Urinary BK Virus Excretion in Children Newly Diagnosed with Acute Lymphoblastic Leukemia

Nahid Raeesi 1, Alaleh Gheissari 1,, Marzieh Akrami 2, Sharareh Moghim 3
PMCID: PMC3389437  PMID: 22783466

Abstract

Background:

Determining the risk factors in developing or increasing the relapses of acute lymphoblastic leukemia (ALL) may help health and preventive systems to launch new programs. Up to 90% of normal population changes to seropositive for BK virus by the age of 10 years. Whether this oncogenic virus is responsible for evolving ALL is unclear. In this study, we evaluated the excretion of urinary BK virus in newly diagnosed children with ALL compared with normal population.

Methods:

This case–control study was carried out on 62 participants (32 ALL patients and 32 normal subjects), aged 1–18 years, in Saint Al-Zahra and Sayyed-Al-Shohada University Hospitals, Isfahan, Iran. A polymerase chain reaction (PCR) method was used to detect the BK virus in specimens. PCR amplification was performed using specific primers of PEP-1 (5′-AGTCTTTAGGGTCTTCTACC-3′) and PEP-2 (5′-GGTGCCAACCTATGGAACAG-3′).

Results:

Thirty-five out of 62 participants (54.8%) were males and the remaining were females. The mean duration of disease was 9.6 ± 9.69 months. Central nervous system (CNS) relapse was seen in 29% of the patients. Positive PCR for urine BK virus was seen in three children with ALL (9.7%). No positive result for urine BKV was achieved in the control group. However, Fisher's exact test did not show any significant difference between the two groups (P > 0.05). In addition, there was no significant correlation between BKV positivity and frequency of relapses.

Conclusion:

To demonstrate the role of BK virus in inducing ALL or increasing the number of relapses, prospective studies on larger scale of population and evaluating both serum and urine for BK virus are recommended.
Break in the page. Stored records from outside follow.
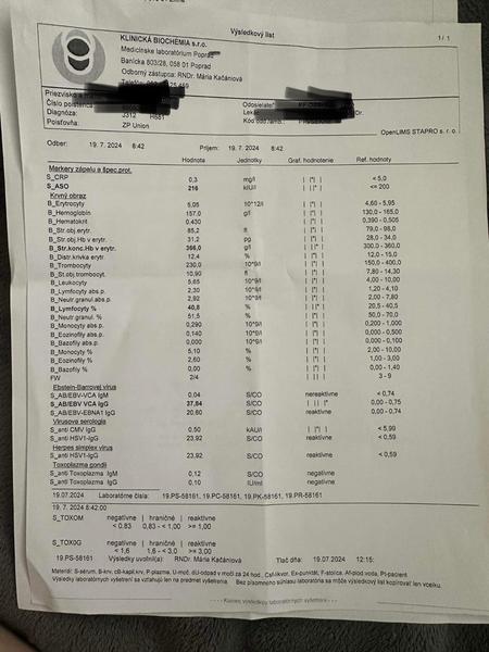 @36kika36 ja som mal len vyššie aslo a že som prekonal mononukleózu crp som mal v norme a b lymfocyty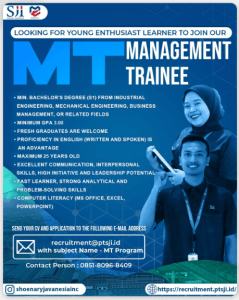 Saat ini, PT Shoenary Javanesia INC membuka kesempatan bagi talenta muda untuk bergabung dalam Program Management Trainee (MT). Program ini dirancang untuk mencetak calon pemimpin masa depan perusahaan melalui pembekalan keterampilan manajerial, teknis, dan kepemimpinan yang komprehensif.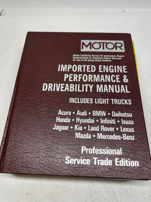 This 1995 Imported Engine Performance & Driveability Manual by MOTOR, Professional Service Trade Edition, provides comprehensive engine specifications and diagnostic charts for vehicles such as Acura, Audi, BMW, Lexus, and more, including light trucks. Published in the USA by Hearst Business Publishing, it includes detailed diagrams, troubleshooting trees, and system operation insights for professional automotive technicians.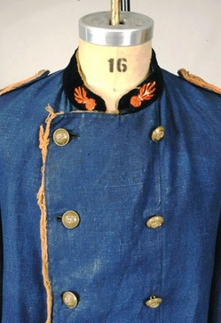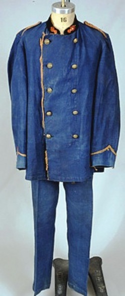 Uniform-Fireman's; French, Linen, Jacket & Trousers, Velvet Trim, Red Piping, Brass Buttons, Indigo.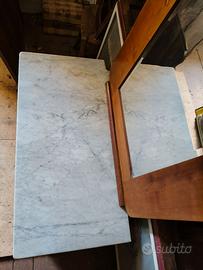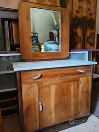 Legno di ciliegio degli anni 50 non tamburato o impiallacciato. Legno , specchi e maniglie ottimi il marmo della toilette ha una scheggiatura nella parte posteriore sx come da foto.
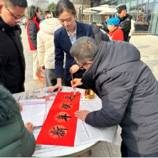 瑞众保险陕西分公司汉中中支联合汉水社区开展“笔尖纳福贺新春 金融相伴护民生”主题活

Keywords: BK virus, acute lymphoblastic leukemia, children

INTRODUCTION

Polyomavirus BK virus, a small DNA virus, belongs to the polyomaviridae family. This family includes at least two additional viruses: the JC virus (JCV) and the simian virus SV40.[1] Agnoprotein, a subunit of polyomavirus genome, not only contains important regulatory elements but also its interaction with viral capsid proteins results in the formation of promyelocytic leukemia bodies.[24] It has been reported that up to 90% of normal population changes to seropositive status between 5 and 10 years of age.[58] Immunocompromised situations such as solid or bone marrow organ transplantation and receiving immunosuppressant medications may activate latent BK virus infection.[4,911] While renal dysfunction is more prevalent in kidney transplant recipients, hemorrhagic cystitis is more possible to occur in bone marrow transplanted patients.[1] Polyomavirus tumor antigen (T Ag) sequences, especially SV40 specific, were detected in non-Hodgkin lymphoma.[12] Furthermore, it has been assumed that the rate of multiple virus isolation is significantly greater in children with acute lymphoblastic leukemia (ALL) than normal population.[13] It has been still debated whether BKV infection may increase the risk of lymphoblastic leukemia or not. Considering the scarce data about the incidence of BKV infection in children with ALL, we conducted this study on the newly diagnosed leukemic children to investigate the urinary excretion of BKV and its possible relation with triggering the disease.

METHODS

This cross-sectional case–control study was carried out on 62 participants, aged 1–18 years, in Saint Al-Zahra Hospital, Isfahan, Iran. The participants included 32 cases of children newly diagnosed with ALL and 32 normal children referred to the hospitals for routine health evaluation as the control group.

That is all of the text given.